# About this task:
Starting at the line that contains "Bracelet Candy Bar", print each line exactly through the end of the listing. Skip any pictures and add nothing.

# Raw data:
────
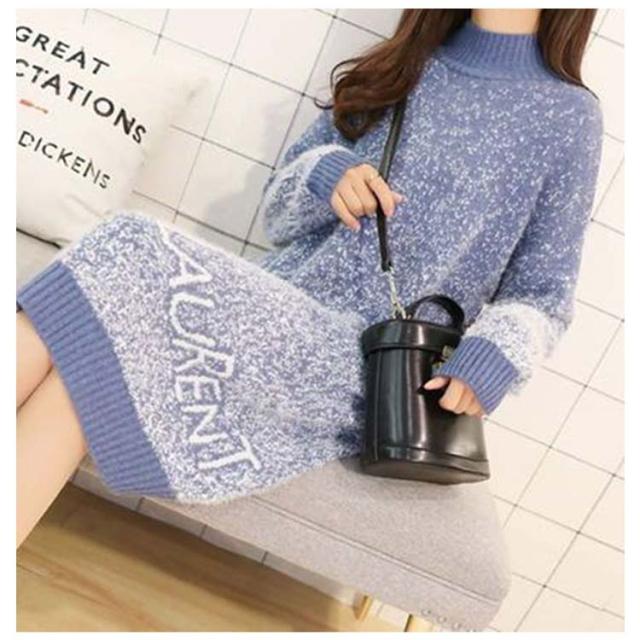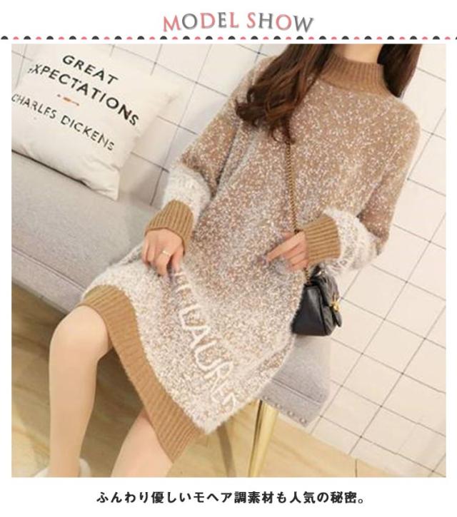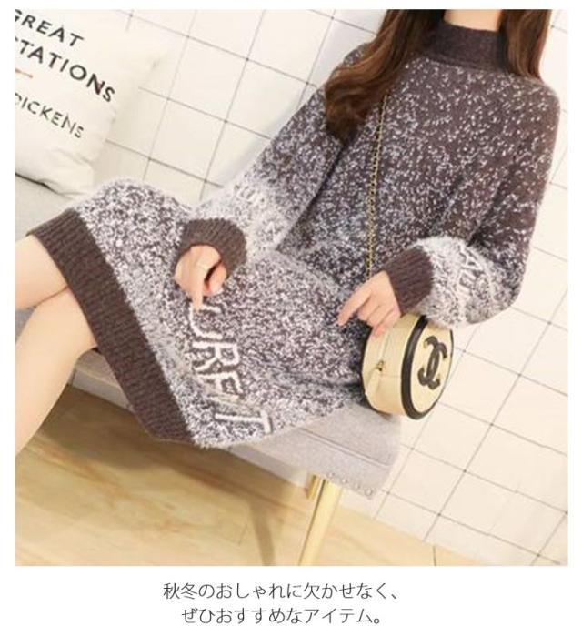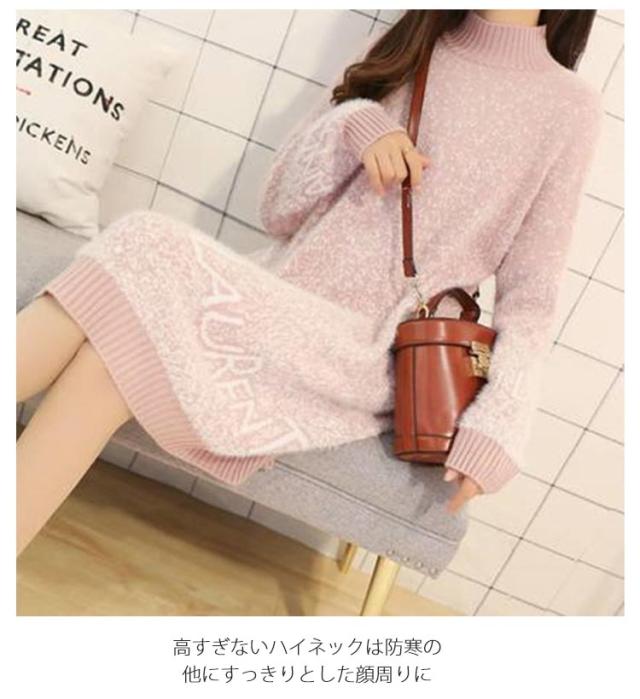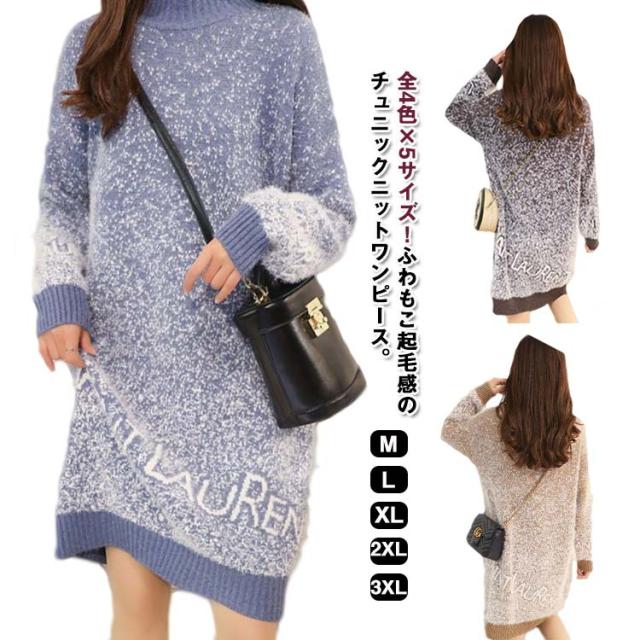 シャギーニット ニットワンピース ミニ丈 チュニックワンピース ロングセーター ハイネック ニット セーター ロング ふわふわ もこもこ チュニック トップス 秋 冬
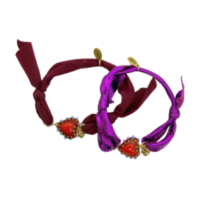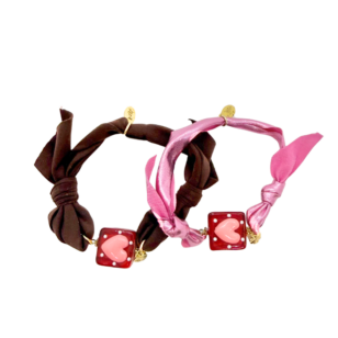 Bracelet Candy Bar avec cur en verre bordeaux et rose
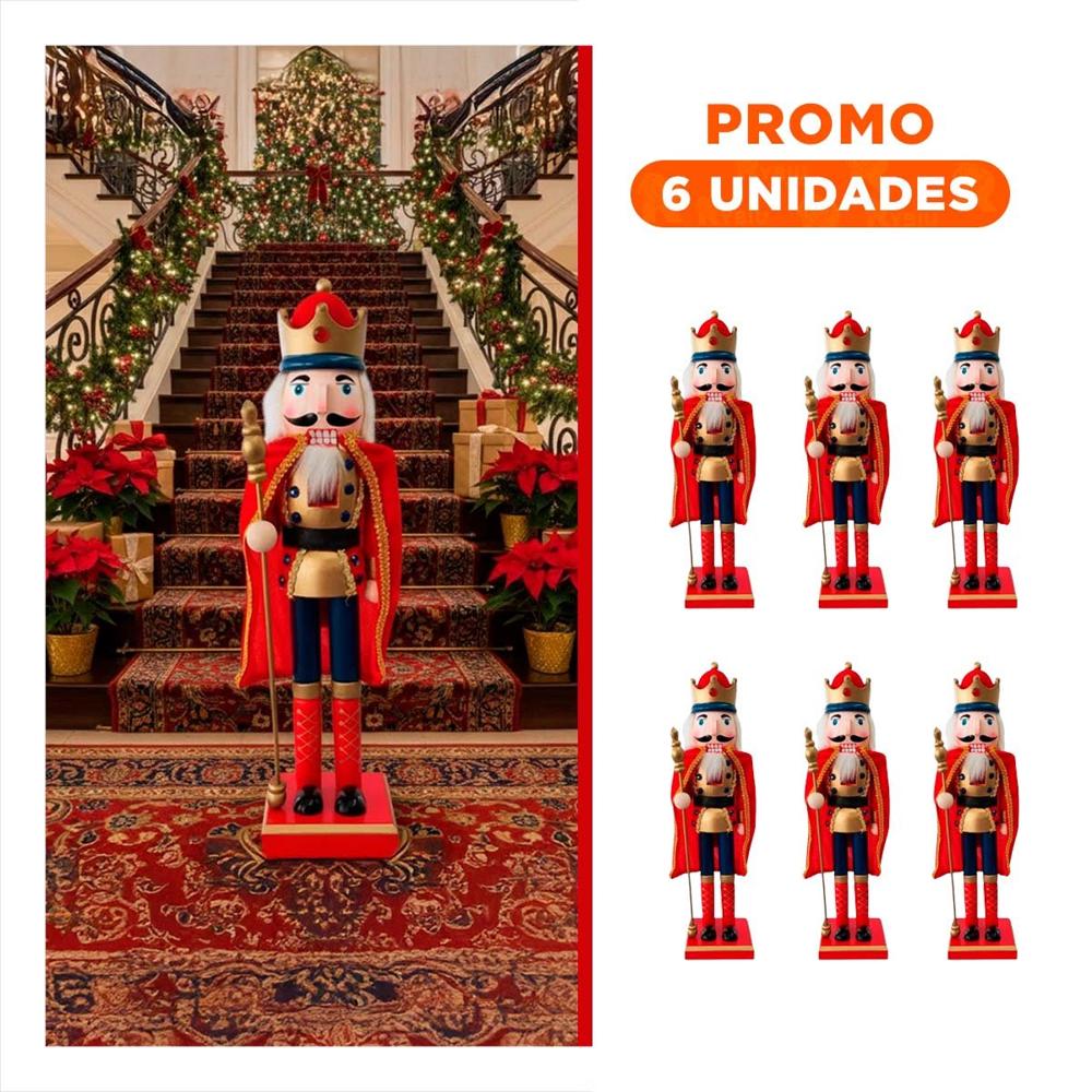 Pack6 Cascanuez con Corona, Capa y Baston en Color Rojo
────
# Task response:
 Bracelet Candy Bar avec cur en verre bordeaux et rose
 Pack6 Cascanuez con Corona, Capa y Baston en Color Rojo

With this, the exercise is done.